Content starts

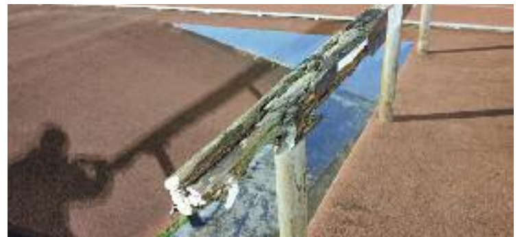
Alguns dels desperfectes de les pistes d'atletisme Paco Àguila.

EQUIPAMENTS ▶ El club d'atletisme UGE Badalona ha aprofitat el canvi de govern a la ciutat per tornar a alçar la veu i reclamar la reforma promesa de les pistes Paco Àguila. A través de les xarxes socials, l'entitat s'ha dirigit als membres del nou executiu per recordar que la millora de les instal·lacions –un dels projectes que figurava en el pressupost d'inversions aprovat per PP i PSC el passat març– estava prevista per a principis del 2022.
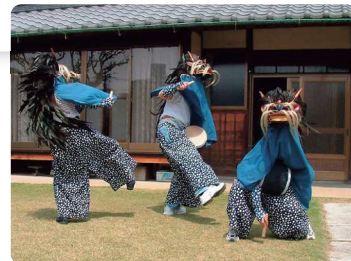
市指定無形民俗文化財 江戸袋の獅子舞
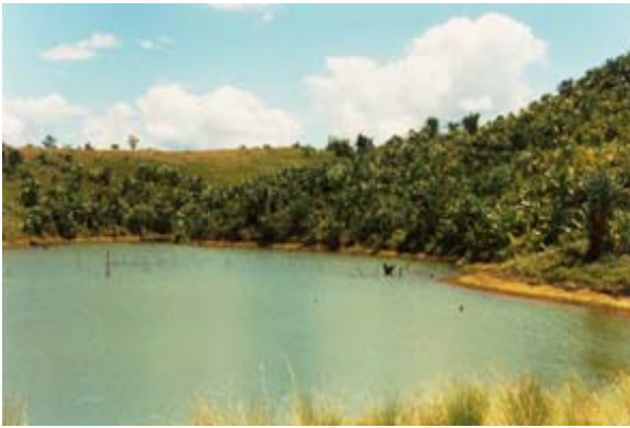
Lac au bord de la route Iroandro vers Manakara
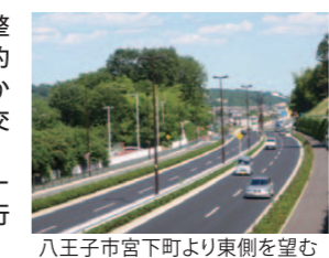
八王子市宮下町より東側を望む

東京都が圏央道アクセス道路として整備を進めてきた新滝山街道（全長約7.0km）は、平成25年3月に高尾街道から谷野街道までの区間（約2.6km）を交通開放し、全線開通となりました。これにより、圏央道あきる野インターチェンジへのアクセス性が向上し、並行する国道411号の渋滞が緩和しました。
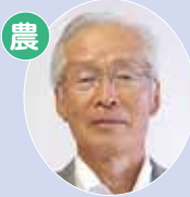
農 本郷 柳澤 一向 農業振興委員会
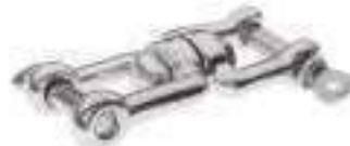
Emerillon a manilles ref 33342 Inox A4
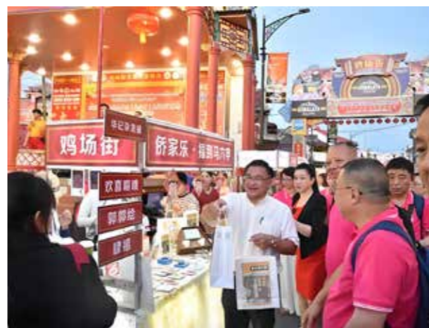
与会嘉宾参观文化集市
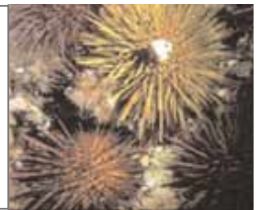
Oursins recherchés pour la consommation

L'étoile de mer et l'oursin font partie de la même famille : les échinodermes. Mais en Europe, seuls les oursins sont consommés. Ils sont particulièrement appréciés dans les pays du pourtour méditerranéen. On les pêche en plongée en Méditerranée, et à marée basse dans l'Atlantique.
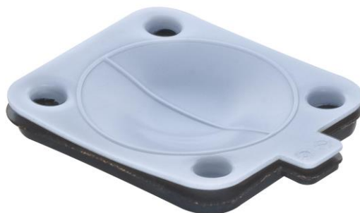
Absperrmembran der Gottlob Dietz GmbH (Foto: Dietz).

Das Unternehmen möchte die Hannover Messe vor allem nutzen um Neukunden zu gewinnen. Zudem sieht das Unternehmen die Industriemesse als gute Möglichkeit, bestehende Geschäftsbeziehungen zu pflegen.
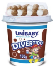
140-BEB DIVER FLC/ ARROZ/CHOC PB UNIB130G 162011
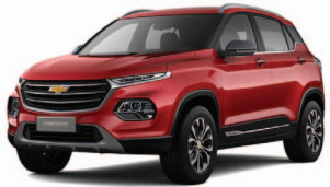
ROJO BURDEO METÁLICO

Content ends
Content starts

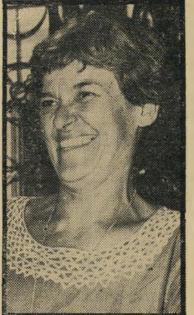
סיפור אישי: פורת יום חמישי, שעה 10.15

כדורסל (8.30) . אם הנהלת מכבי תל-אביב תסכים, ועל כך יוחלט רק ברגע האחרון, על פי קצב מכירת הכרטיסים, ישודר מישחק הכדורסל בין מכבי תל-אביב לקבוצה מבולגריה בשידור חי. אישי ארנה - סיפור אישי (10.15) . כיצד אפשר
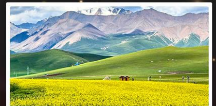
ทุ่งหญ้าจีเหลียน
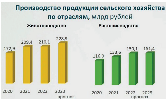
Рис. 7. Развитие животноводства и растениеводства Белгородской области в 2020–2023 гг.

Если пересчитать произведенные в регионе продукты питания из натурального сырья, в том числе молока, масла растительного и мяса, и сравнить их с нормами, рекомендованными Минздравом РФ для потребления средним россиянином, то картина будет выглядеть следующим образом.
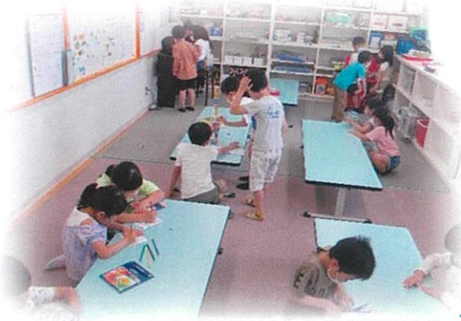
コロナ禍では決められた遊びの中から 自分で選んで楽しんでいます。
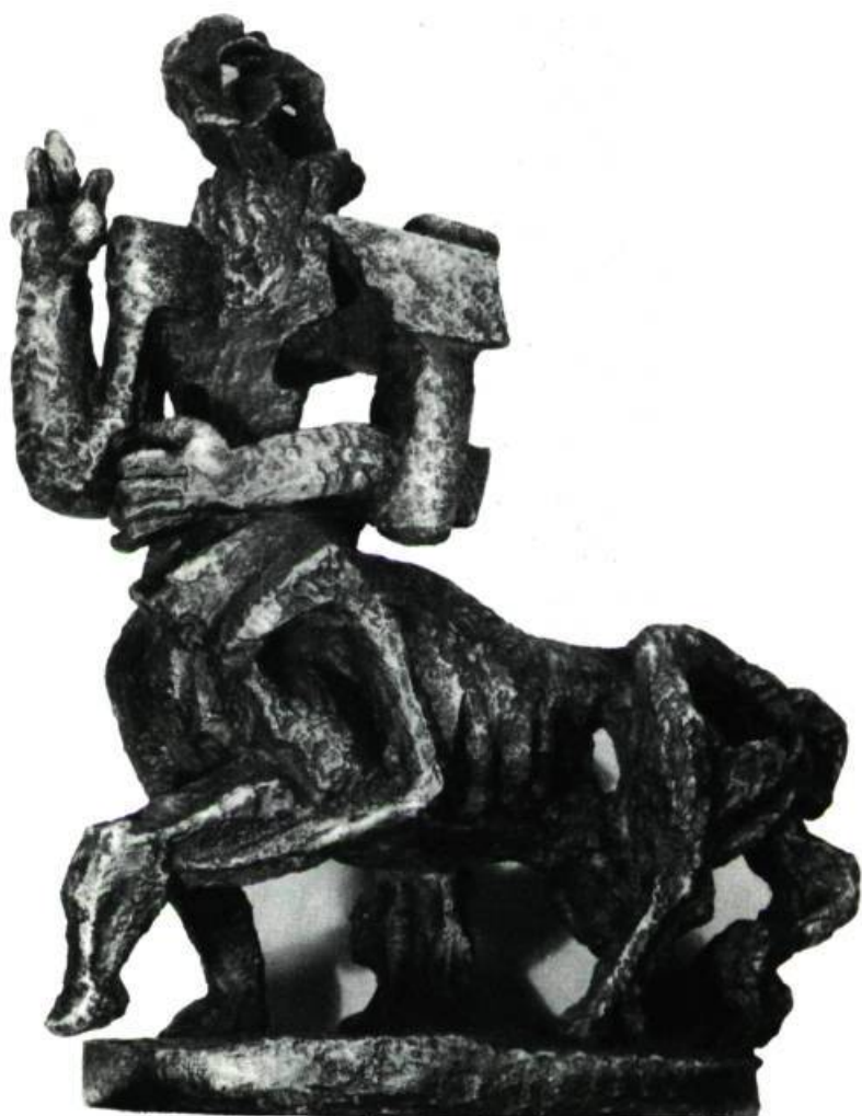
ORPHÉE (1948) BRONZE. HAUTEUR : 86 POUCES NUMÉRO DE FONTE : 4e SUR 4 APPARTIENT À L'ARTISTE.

Content ends

What you write must match the listing exactly, from the line with "Alguns dels desperfectes" up to and including the line with "Absperrmembran der Gottlob". Pictures stay out.

### Solution for this exercise
Alguns dels desperfectes de les pistes d'atletisme Paco Àguila.

EQUIPAMENTS ▶ El club d'atletisme UGE Badalona ha aprofitat el canvi de govern a la ciutat per tornar a alçar la veu i reclamar la reforma promesa de les pistes Paco Àguila. A través de les xarxes socials, l'entitat s'ha dirigit als membres del nou executiu per recordar que la millora de les instal·lacions –un dels projectes que figurava en el pressupost d'inversions aprovat per PP i PSC el passat març– estava prevista per a principis del 2022.
市指定無形民俗文化財 江戸袋の獅子舞
Lac au bord de la route Iroandro vers Manakara
八王子市宮下町より東側を望む

東京都が圏央道アクセス道路として整備を進めてきた新滝山街道（全長約7.0km）は、平成25年3月に高尾街道から谷野街道までの区間（約2.6km）を交通開放し、全線開通となりました。これにより、圏央道あきる野インターチェンジへのアクセス性が向上し、並行する国道411号の渋滞が緩和しました。
農 本郷 柳澤 一向 農業振興委員会
Emerillon a manilles ref 33342 Inox A4
与会嘉宾参观文化集市
Oursins recherchés pour la consommation

L'étoile de mer et l'oursin font partie de la même famille : les échinodermes. Mais en Europe, seuls les oursins sont consommés. Ils sont particulièrement appréciés dans les pays du pourtour méditerranéen. On les pêche en plongée en Méditerranée, et à marée basse dans l'Atlantique.
Absperrmembran der Gottlob Dietz GmbH (Foto: Dietz).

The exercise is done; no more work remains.